[Opening DATA section]

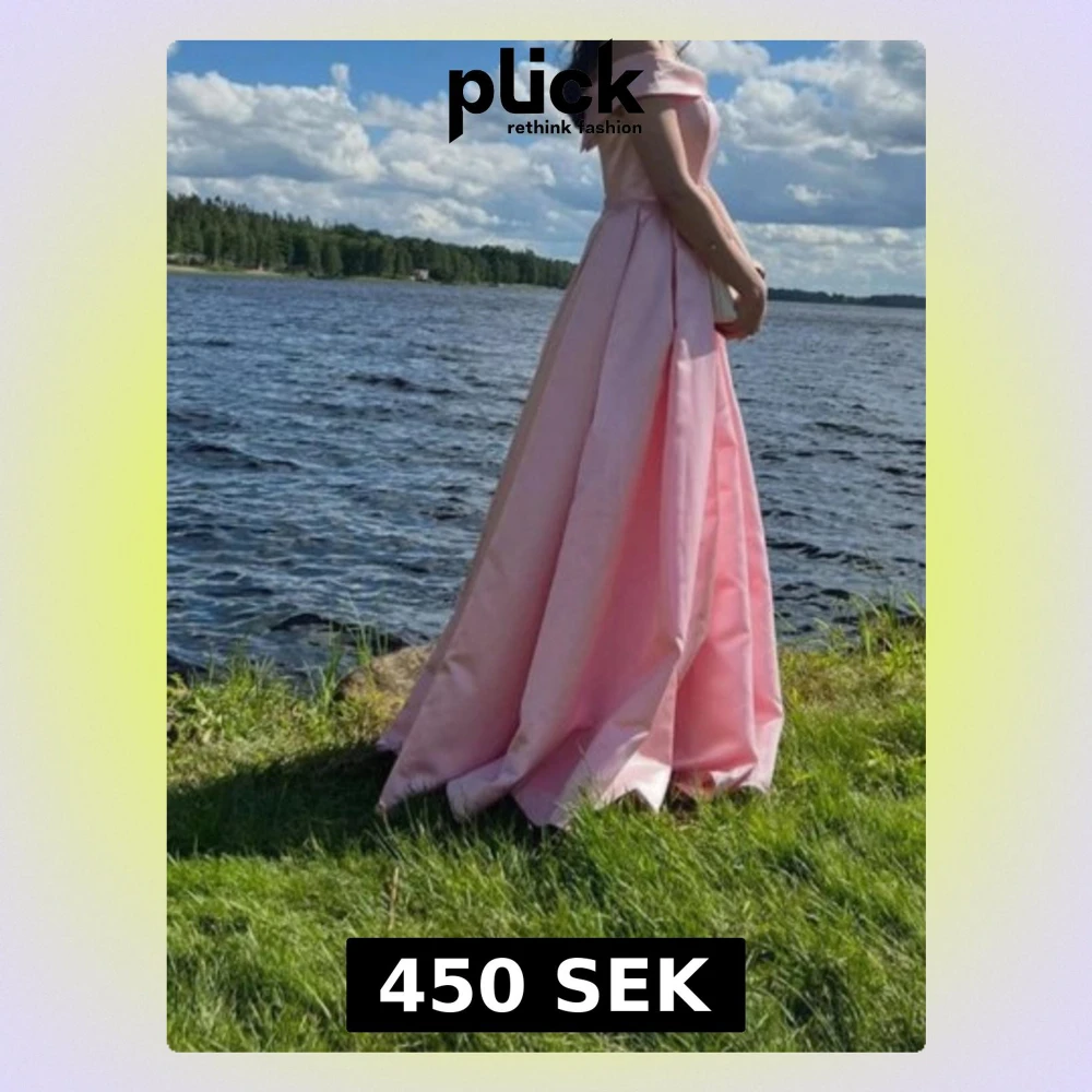 Elegant ljusrosa balklänning med offshoulder-design och vid, golvlång kjol. Klänningen har en klassisk, figurnära överdel och är tillverkad i ett glansigt material som ger en lyxig känsla. Perfekt för bal eller student.
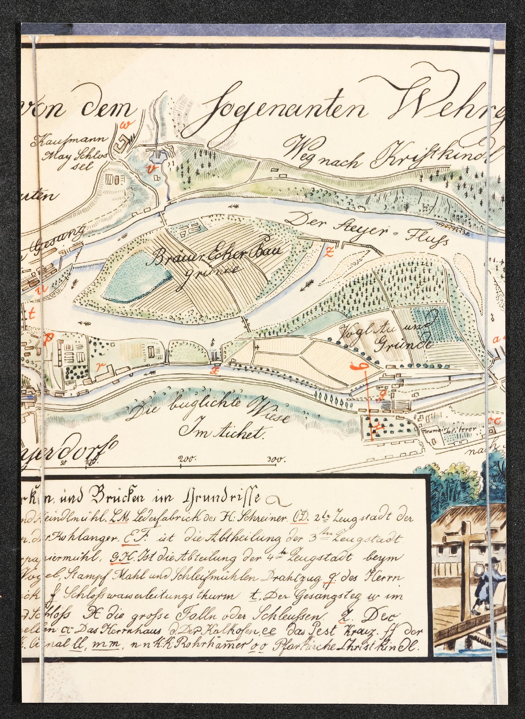 | Beschreibung | Detailansicht der Zeichnung aus: "Der Wehrgraben - Topographisch statistisch technische Beschreibung 1.Heft von 1832" (Originalmanuskript im Archiv der Stadt Steyr Nr. 339/a), 1830: Originalzeichnung von Joseph Löw (*1770, +1842), 1948: Abschrift der unteren Hälfte der Originalzeichnung |
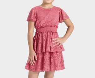 Zenzi Girls Tiered A-Line Dress, All Over Lace, Smocked Waist, Easter Spring Summer, Rose Pink Color, Size XS/Extra Small 4/5 *Brand New with Tags*$12Pumpkin Center, CA
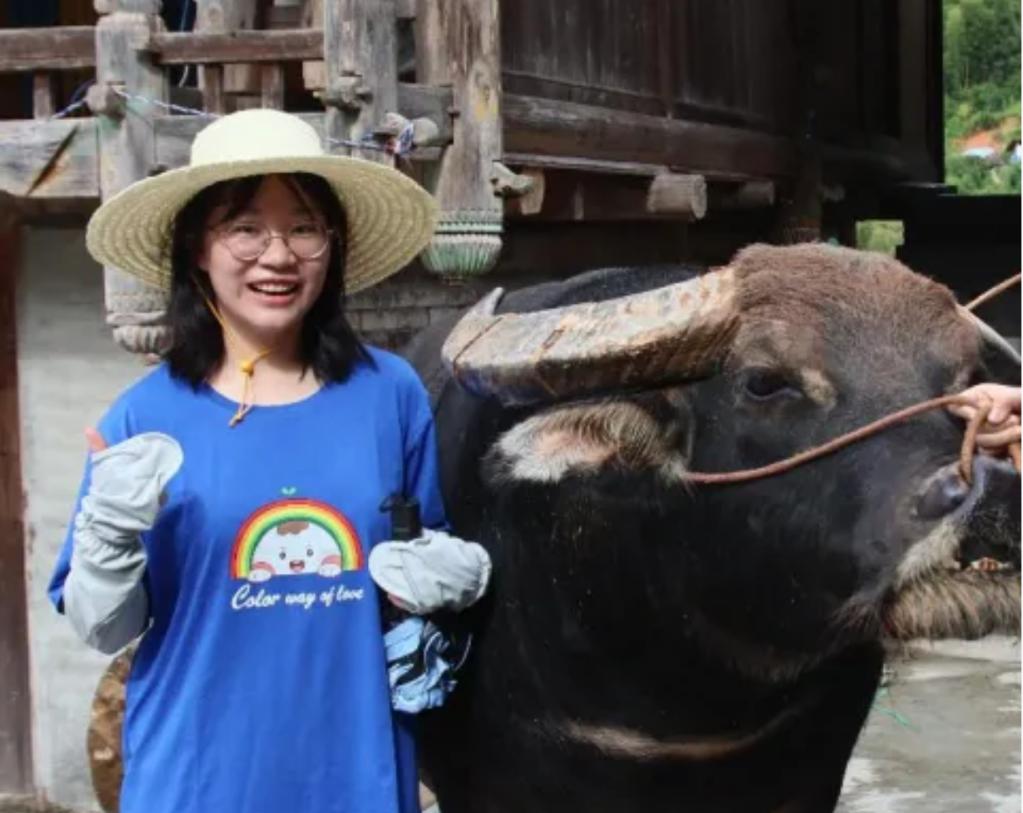 实践团深入侗寨阡陌,在鼓楼边触摸到侗寨的斗牛相思文化。在热情的村民介绍下,实践团成员与斗牛一同合影,了解到侗族斗牛不同于西班牙斗牛,是牛与牛之间的角力,侗家斗牛多在节日或农闲举行,选用精心饲养的水牛或“碰牛”。斗牛文化不重输赢,重在给侗家各寨提供互通有无的渠道,牛角上传递的是男女间的相思,牛背上翻过寨与寨的山头,它不仅是娱乐,更承载着凝聚村寨、祈求吉祥的文化内涵。

[Closing DATA section]

* WORK ORDER: For each line above, output its wording exactly and leave out any picture.

* EXERCISE RESPONSE:
 Elegant ljusrosa balklänning med offshoulder-design och vid, golvlång kjol. Klänningen har en klassisk, figurnära överdel och är tillverkad i ett glansigt material som ger en lyxig känsla. Perfekt för bal eller student.
 | Beschreibung | Detailansicht der Zeichnung aus: "Der Wehrgraben - Topographisch statistisch technische Beschreibung 1.Heft von 1832" (Originalmanuskript im Archiv der Stadt Steyr Nr. 339/a), 1830: Originalzeichnung von Joseph Löw (*1770, +1842), 1948: Abschrift der unteren Hälfte der Originalzeichnung |
 Zenzi Girls Tiered A-Line Dress, All Over Lace, Smocked Waist, Easter Spring Summer, Rose Pink Color, Size XS/Extra Small 4/5 *Brand New with Tags*$12Pumpkin Center, CA
 实践团深入侗寨阡陌,在鼓楼边触摸到侗寨的斗牛相思文化。在热情的村民介绍下,实践团成员与斗牛一同合影,了解到侗族斗牛不同于西班牙斗牛,是牛与牛之间的角力,侗家斗牛多在节日或农闲举行,选用精心饲养的水牛或“碰牛”。斗牛文化不重输赢,重在给侗家各寨提供互通有无的渠道,牛角上传递的是男女间的相思,牛背上翻过寨与寨的山头,它不仅是娱乐,更承载着凝聚村寨、祈求吉祥的文化内涵。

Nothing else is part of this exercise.